[Material to process]

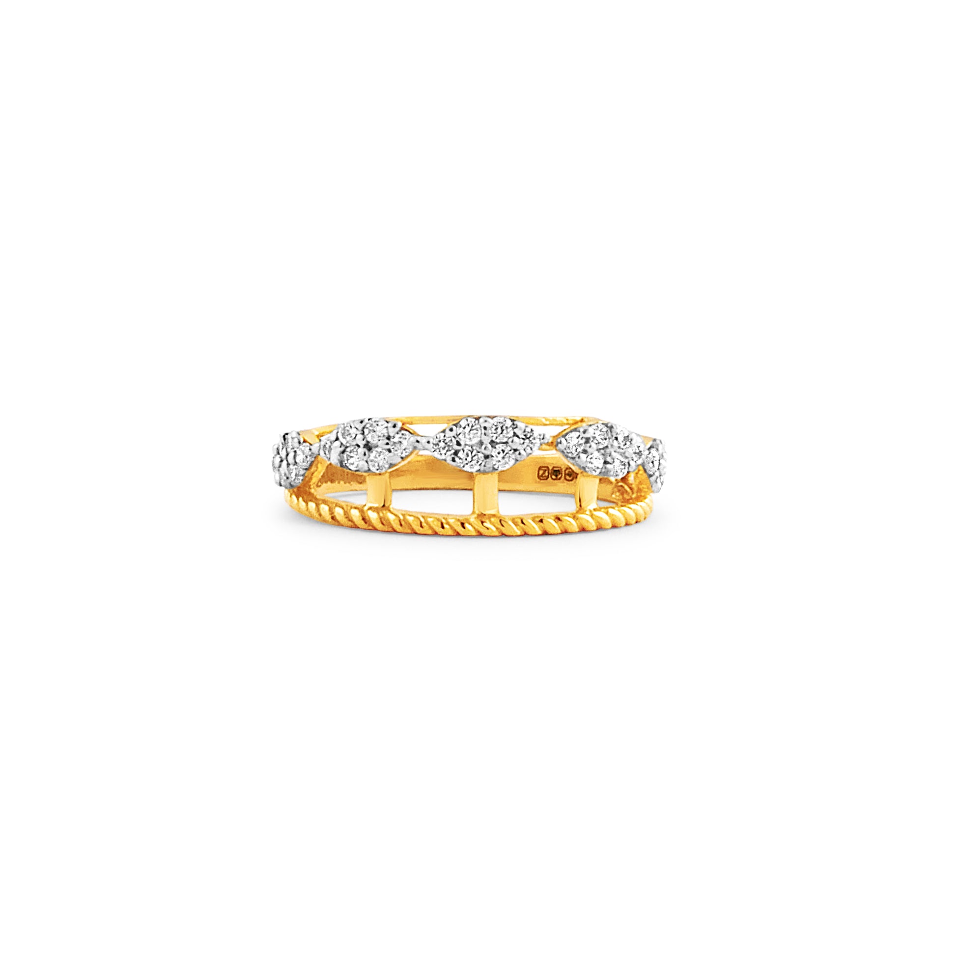 Enhance your jewellery collection with this elegant 22ct Gold Wave Design Dress Ring with Cubic Zirconia Stones, crafted to bring a refined and contemporary touch to your look. Featuring a graceful wave-inspired design, this ring showcases a flowing pattern that symbolises movement and timeless style.
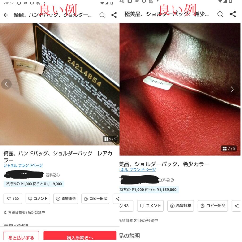 下記の写真は良い例です。シリアルナンバーをしっかり載せています。
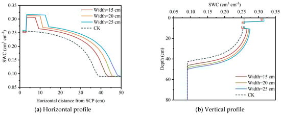 The SWC distribution of horizontal and vertical profiles located at varying distances from the SCP is shown in Figure 7. The wetted areas under SSI were significantly larger than those under moistube irrigation. Furthermore, the greater burial furrow width meant a larger wetted range and higher soil saturation near the SCP, and vice versa. With increasing burial furrow width, the SWC increased more in the horizontal direction than that in the vertical direction. This indicated that increasing the burial furrow width mainly increased the SWC and wetted range in the horizontal direction.
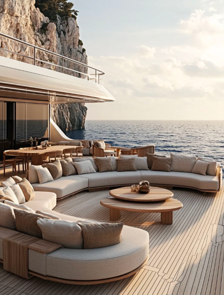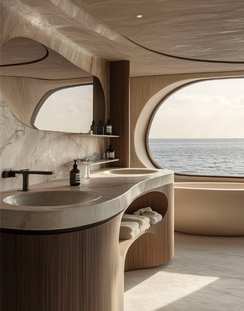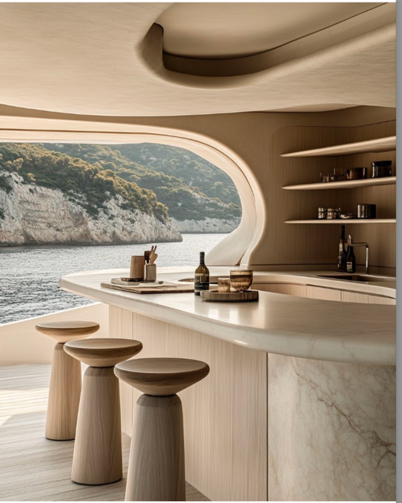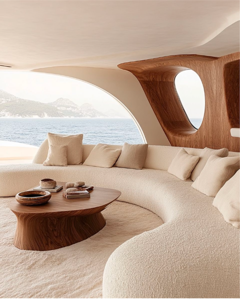 Large windows, soft natural light, and tactile textures strengthen the connection to the sea and the surrounding landscape.
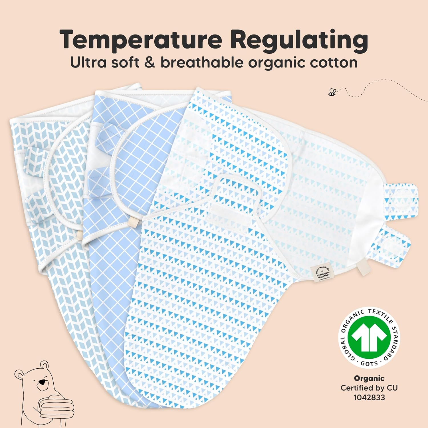 KeaBabies 3-Pack Organic Baby Swaddle Sleep Sacks - Swaddles for Newborns, Infant 0-3 Months, Baby Girls, Boys, Soft & Snug Newborn Sleep Sack, Nursery Swaddling Blankets (Storm)
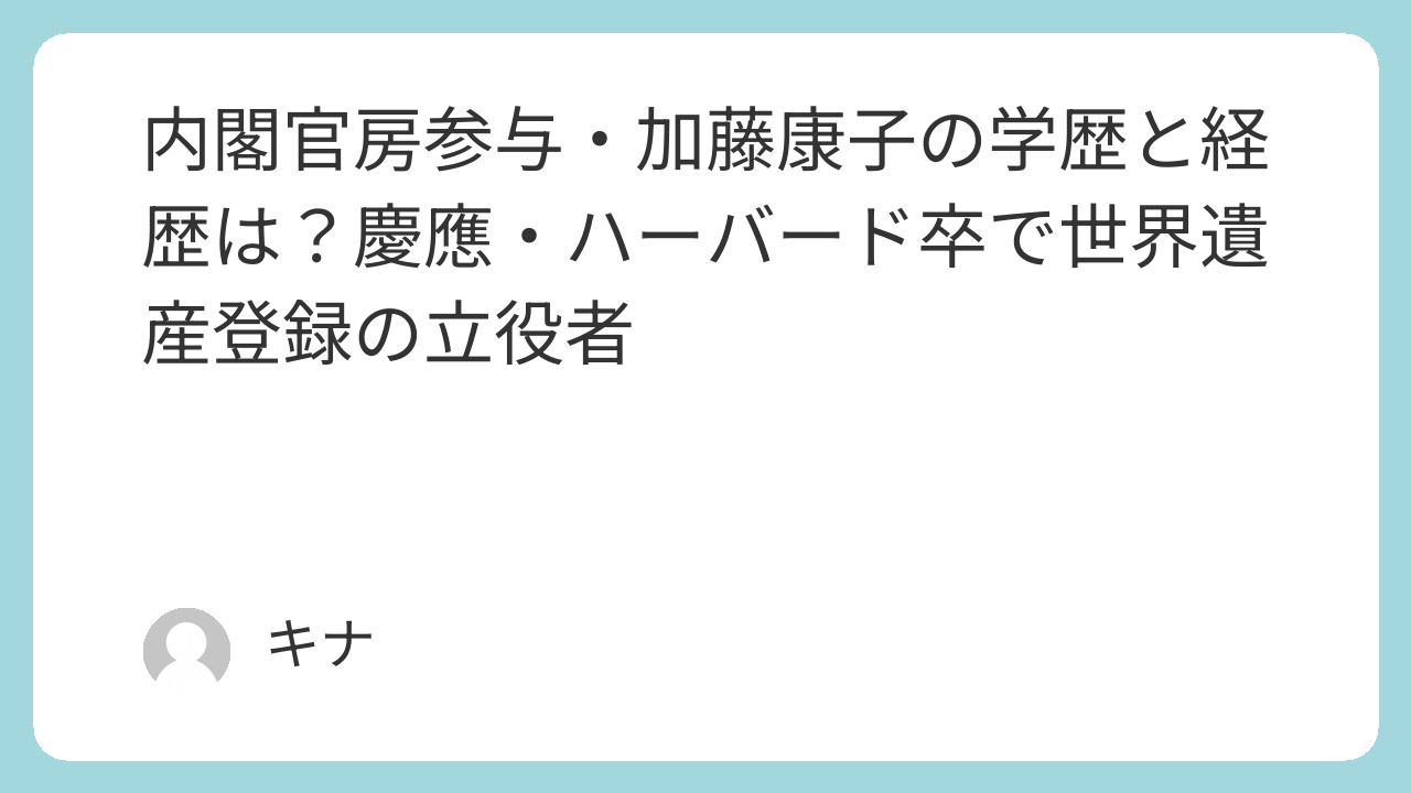 - 加藤康子氏の学歴・経歴と内閣官房参与としての役割
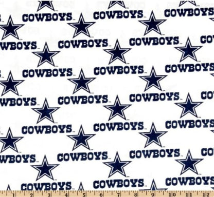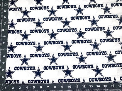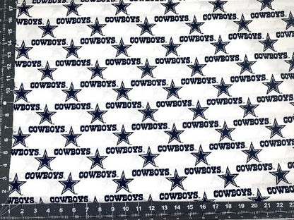 Get ready to show off your Dallas Cowboys pride with this high-quality white NFL cotton fabric. Perfect for creating custom clothing, accessories, or decor, this fabric features the iconic Cowboys logo and colors. Made from 100% cotton, it is soft to the touch and easy to work with, making it ideal for all of your DIY projects.
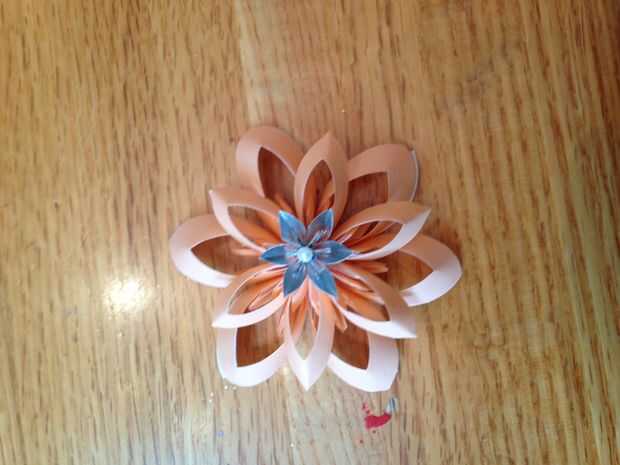Cosas interesantes sobre los pétalos de varias flores de diferentes tamaños, de seccionamiento es que usted puede organizar en innumerables maneras para diverso efecto. Por ejemplo, en las fotos anteriores, yo capas las diferentes flores tamaño encima de la otra, primero con la flor hacia la mesa y la segunda con la flor hacia arriba. Puede unir diferentes tamaños al lado así, o conectar de otra manera.
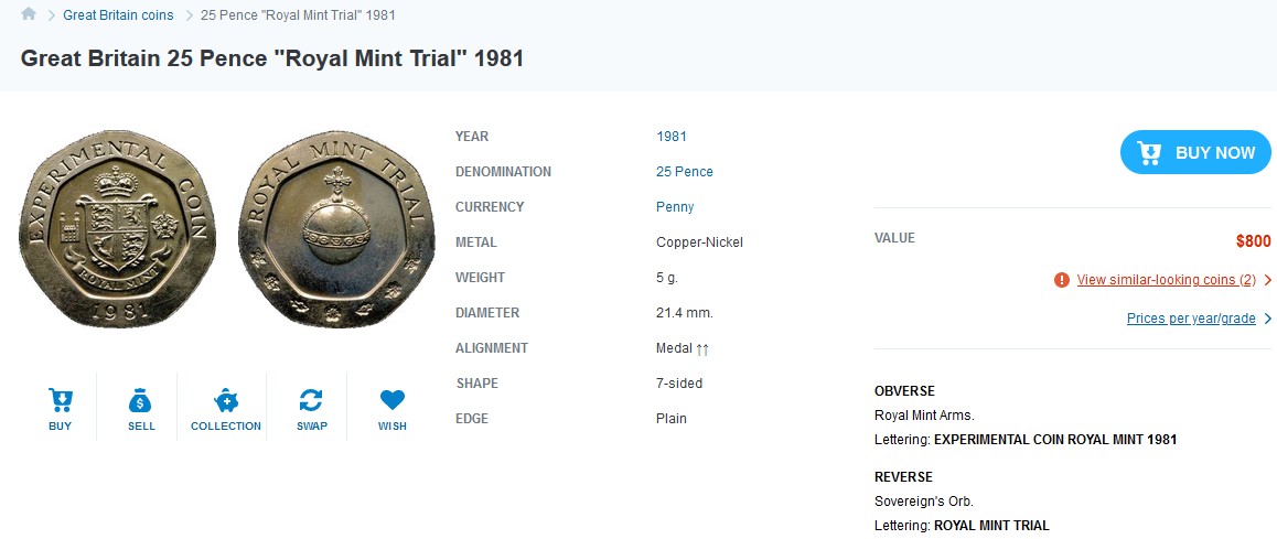 et ici un annonce trouvée sur le Net, avec le même visuel que la 20 cent euro, mais ici nous avons un essai de 25 pence avec un poids de 5g et un diamètre de 21.4mm.
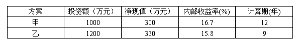 16、 現有兩個常規投資方案,當i= 10%時,兩個方案的凈現值相等,ic為12.8%,其他條件如下表。則( )。
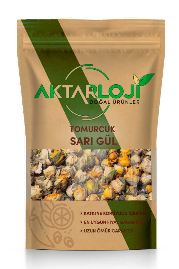 Sarı tomurcuk gül kurusu, tamamen doğal ve katkısız yöntemlerle kurutulmuş sarı güllerden elde edilir. Kurutma işlemi sırasında çiçeğin canlı sarı rengi ve hoş kokusu korunur. Hafif tatlımsı ve çiçeksi bir aromaya sahip olan bu gül tomurcukları, ferahlatıcı etkisiyle çaylarda ve kozmetik ürünlerde yaygın olarak tercih edilir. Yapısında bulundurduğu besin bileşenlerinden ötürü sağlığı desteklemeyi başarır.
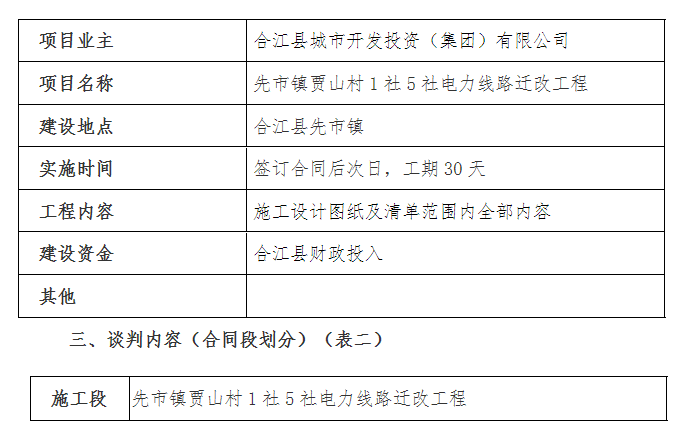 一、 本次談判項目為先市鎮(zhèn)賈山村 1 社 5 社電力線路遷改工程, 現(xiàn)通 過競爭性談判方式選擇和確定承包人, 誠邀符合資格條件的潛在申請 人參與本項目的競爭性談判。
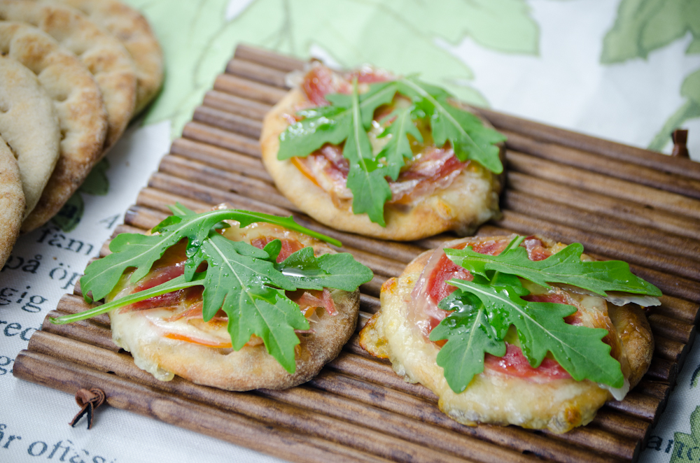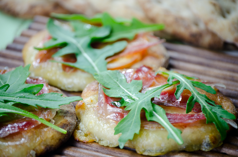3. Cuando estén listas, coloca unas lascas de jamón serrano y unas hojas de rúcula sobre cada rieska. Termina con unas gotas de aceite de oliva sobre la rúcula.

[Task objective]
Nothing but the lines from the one containing "et ici un annonce" to the last line of the records should be returned, exactly as they appear and without pictures.

[Response]
 et ici un annonce trouvée sur le Net, avec le même visuel que la 20 cent euro, mais ici nous avons un essai de 25 pence avec un poids de 5g et un diamètre de 21.4mm.
 16、 現有兩個常規投資方案,當i= 10%時,兩個方案的凈現值相等,ic為12.8%,其他條件如下表。則( )。
 Sarı tomurcuk gül kurusu, tamamen doğal ve katkısız yöntemlerle kurutulmuş sarı güllerden elde edilir. Kurutma işlemi sırasında çiçeğin canlı sarı rengi ve hoş kokusu korunur. Hafif tatlımsı ve çiçeksi bir aromaya sahip olan bu gül tomurcukları, ferahlatıcı etkisiyle çaylarda ve kozmetik ürünlerde yaygın olarak tercih edilir. Yapısında bulundurduğu besin bileşenlerinden ötürü sağlığı desteklemeyi başarır.
 一、 本次談判項目為先市鎮(zhèn)賈山村 1 社 5 社電力線路遷改工程, 現(xiàn)通 過競爭性談判方式選擇和確定承包人, 誠邀符合資格條件的潛在申請 人參與本項目的競爭性談判。
3. Cuando estén listas, coloca unas lascas de jamón serrano y unas hojas de rúcula sobre cada rieska. Termina con unas gotas de aceite de oliva sobre la rúcula.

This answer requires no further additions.